Namens betrokkene heeft mr. G.J. Mulder een verweerschrift ingediend en een verzoek om een voorlopige voorziening gedaan. Dit verzoek is behandeld op de zitting van 26 september 2022. In de uitspraak van die datum [1] is het verzoek om het toewijzen van de voorlopige voorziening afgewezen.
Betrokkene heeft op 14 december 2022 nadere stukken ingezonden.
De Raad heeft de zaak behandeld op een zitting van 11 april 2023. Het Uwv heeft zich laten vertegenwoordigen door T. van der Weert. Betrokkene is verschenen, bijgestaan door mr.

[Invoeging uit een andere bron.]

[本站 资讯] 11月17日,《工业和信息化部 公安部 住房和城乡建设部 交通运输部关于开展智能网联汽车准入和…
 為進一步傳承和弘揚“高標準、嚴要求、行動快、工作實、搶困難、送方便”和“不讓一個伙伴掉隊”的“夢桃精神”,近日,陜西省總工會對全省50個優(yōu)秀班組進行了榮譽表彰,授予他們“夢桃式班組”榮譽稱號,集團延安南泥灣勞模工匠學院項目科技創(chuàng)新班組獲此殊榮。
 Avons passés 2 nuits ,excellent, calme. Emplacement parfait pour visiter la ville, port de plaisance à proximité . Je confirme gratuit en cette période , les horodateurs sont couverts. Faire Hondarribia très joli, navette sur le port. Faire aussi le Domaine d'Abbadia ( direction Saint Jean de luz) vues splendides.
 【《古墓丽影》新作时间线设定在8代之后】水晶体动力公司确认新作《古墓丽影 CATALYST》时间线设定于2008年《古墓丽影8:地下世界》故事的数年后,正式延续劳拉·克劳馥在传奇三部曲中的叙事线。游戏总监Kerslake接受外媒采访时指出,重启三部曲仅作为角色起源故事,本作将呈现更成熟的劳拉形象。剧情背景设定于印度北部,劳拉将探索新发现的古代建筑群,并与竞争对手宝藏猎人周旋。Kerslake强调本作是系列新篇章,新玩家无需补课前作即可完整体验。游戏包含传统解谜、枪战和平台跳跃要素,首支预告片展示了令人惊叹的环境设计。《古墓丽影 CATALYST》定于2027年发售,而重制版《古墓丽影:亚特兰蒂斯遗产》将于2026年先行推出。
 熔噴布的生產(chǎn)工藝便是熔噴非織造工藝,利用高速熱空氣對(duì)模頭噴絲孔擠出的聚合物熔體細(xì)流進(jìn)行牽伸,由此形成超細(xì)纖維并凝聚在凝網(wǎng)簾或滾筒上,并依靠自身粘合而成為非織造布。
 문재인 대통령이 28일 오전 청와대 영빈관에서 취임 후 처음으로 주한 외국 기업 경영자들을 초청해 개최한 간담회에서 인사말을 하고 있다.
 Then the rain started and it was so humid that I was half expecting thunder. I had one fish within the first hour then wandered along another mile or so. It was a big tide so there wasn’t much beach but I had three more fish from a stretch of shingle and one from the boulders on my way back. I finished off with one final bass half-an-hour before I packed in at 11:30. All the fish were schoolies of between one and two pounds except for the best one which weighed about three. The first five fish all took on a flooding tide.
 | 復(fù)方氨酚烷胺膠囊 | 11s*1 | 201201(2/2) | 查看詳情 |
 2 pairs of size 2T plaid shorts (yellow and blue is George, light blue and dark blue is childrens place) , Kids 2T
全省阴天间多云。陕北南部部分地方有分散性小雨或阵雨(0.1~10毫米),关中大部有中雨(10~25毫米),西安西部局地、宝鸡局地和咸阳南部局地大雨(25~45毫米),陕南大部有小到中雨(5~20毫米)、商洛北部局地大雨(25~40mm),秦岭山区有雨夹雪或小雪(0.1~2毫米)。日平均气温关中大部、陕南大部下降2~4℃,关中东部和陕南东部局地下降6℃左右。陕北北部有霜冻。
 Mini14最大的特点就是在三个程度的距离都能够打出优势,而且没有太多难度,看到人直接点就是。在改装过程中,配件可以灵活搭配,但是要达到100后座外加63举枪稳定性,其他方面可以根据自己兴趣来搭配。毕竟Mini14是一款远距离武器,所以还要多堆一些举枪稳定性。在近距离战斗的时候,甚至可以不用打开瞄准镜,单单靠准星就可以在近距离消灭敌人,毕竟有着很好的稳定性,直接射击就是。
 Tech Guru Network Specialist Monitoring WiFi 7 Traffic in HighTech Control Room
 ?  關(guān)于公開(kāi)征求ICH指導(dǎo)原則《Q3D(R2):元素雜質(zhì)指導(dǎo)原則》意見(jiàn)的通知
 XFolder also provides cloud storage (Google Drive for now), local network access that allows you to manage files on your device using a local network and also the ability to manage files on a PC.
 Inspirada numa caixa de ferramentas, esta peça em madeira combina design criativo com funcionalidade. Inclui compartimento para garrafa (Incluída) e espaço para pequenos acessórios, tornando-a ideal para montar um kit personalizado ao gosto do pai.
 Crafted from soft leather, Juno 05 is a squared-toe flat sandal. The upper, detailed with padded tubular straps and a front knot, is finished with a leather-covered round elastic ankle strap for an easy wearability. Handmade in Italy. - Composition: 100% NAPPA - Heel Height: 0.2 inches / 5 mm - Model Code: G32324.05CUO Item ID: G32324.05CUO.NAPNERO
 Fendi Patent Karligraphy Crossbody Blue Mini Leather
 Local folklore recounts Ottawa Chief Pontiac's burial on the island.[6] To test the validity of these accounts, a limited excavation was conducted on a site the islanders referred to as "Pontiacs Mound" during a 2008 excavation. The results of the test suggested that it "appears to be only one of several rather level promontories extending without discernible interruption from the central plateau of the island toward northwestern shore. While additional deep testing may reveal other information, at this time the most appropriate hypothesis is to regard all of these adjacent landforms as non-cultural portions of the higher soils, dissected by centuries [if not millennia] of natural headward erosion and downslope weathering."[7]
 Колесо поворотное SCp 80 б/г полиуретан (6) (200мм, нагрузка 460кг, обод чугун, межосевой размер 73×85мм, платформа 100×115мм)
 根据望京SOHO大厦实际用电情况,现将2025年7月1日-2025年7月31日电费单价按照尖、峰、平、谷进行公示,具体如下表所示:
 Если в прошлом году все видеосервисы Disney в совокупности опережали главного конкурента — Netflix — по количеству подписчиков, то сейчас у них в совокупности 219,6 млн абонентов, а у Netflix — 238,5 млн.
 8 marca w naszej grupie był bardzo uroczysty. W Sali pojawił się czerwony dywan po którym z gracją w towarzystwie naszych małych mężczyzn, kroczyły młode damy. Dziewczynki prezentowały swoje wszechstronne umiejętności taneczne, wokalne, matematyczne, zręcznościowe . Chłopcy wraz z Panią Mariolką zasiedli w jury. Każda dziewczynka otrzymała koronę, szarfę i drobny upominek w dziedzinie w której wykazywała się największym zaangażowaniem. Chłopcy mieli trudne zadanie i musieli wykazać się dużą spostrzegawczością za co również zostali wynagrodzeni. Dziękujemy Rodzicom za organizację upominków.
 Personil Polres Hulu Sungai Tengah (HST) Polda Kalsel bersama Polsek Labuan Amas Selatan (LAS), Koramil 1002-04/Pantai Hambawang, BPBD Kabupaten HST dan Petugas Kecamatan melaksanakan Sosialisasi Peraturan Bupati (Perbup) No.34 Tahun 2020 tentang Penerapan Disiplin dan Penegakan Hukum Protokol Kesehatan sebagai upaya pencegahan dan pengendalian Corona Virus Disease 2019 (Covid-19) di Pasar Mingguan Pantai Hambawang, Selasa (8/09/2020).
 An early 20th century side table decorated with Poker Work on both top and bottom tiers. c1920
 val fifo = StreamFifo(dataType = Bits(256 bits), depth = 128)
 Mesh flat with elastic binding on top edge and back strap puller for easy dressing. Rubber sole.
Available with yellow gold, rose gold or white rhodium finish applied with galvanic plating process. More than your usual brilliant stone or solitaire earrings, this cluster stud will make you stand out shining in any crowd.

R.A.M. Koolen.

OVERWEGINGEN

Samenvatting

In deze zaak gaat het om de vraag of betrokkene in aanmerking komt voor een uitkering op grond van de Werkloosheidswet (WW). Betrokkene is werkzaam geweest in het Verenigd Koninkrijk. Hij is daar ernstig ziek geworden en naar Nederland gekomen voor behandeling. Toen zijn tijdelijk contract in het Verenigd Koninkrijk eindigde, heeft betrokkene bij het Uwv een uitkering aangevraagd. Het Uwv heeft geweigerd betrokkene een uitkering te verstrekken, omdat betrokkene niet zou voldoen aan de zogenoemde referte-eis. De Raad komt tot de conclusie dat deze weigering terecht is.

Inleiding

1. Voor de feiten verwijst de Raad naar de uitspraak in het verzoek om een voorlopige voorziening. Op deze plaats volstaat de Raad met het volgende. Betrokkene is op 6 januari 2020 in dienst getreden bij een Engelse firma, gevestigd te Londen. Kort daarop is bij betrokkene een ernstige ziekte vastgesteld. Uit een Statement of Fitness for Work van 7 februari 2020 blijkt dat betrokkene op medische gronden ongeschikt is bevonden om arbeid te verrichten van 7 februari tot 4 mei 2020. Voor de behandeling van zijn ziekte is betrokkene op 1 maart 2020 naar Nederland teruggekeerd. Op 6 juli 2020 heeft betrokkene bij het Uwv een uitkering op grond van de WW aangevraagd.
Besluitvorming van het Uwv
2. Met een besluit van 16 juli 2020 heeft het Uwv betrokkene laten weten dat hij geen recht heeft op een uitkering op grond van de WW. Betrokkene heeft daartegen bezwaar gemaakt maar het Uwv is met een besluit van 2 december 2020 (bestreden besluit) bij deze weigering gebleven. Volgens het Uwv had betrokkene geen recht op een Nederlandse werkloosheidsuitkering, omdat hij niet in Nederland verzekerd was bij het intreden van de werkloosheid.
Uitspraak van de rechtbank
3. De rechtbank heeft het beroep tegen het bestreden besluit gegrond verklaard, het bestreden besluit vernietigd, het besluit van 16 juli 2020 herroepen en bepaald dat de aangevallen uitspraak in de plaats treedt van het vernietigde besluit. Volgens de rechtbank is, gezien artikel 65 van Vo 883/2004 [2] , op betrokkene het Nederlandse recht van toepassing. Betrokkene heeft, volgens de rechtbank, recht op uitbetaling van zijn werkloosheidsuitkering en het Uwv wordt opgedragen dit uitgewerkt in een besluit neer te leggen binnen vier weken na het in gezag van gewijsde komen van de aangevallen uitspraak.
Het standpunt van het Uvw
4.1.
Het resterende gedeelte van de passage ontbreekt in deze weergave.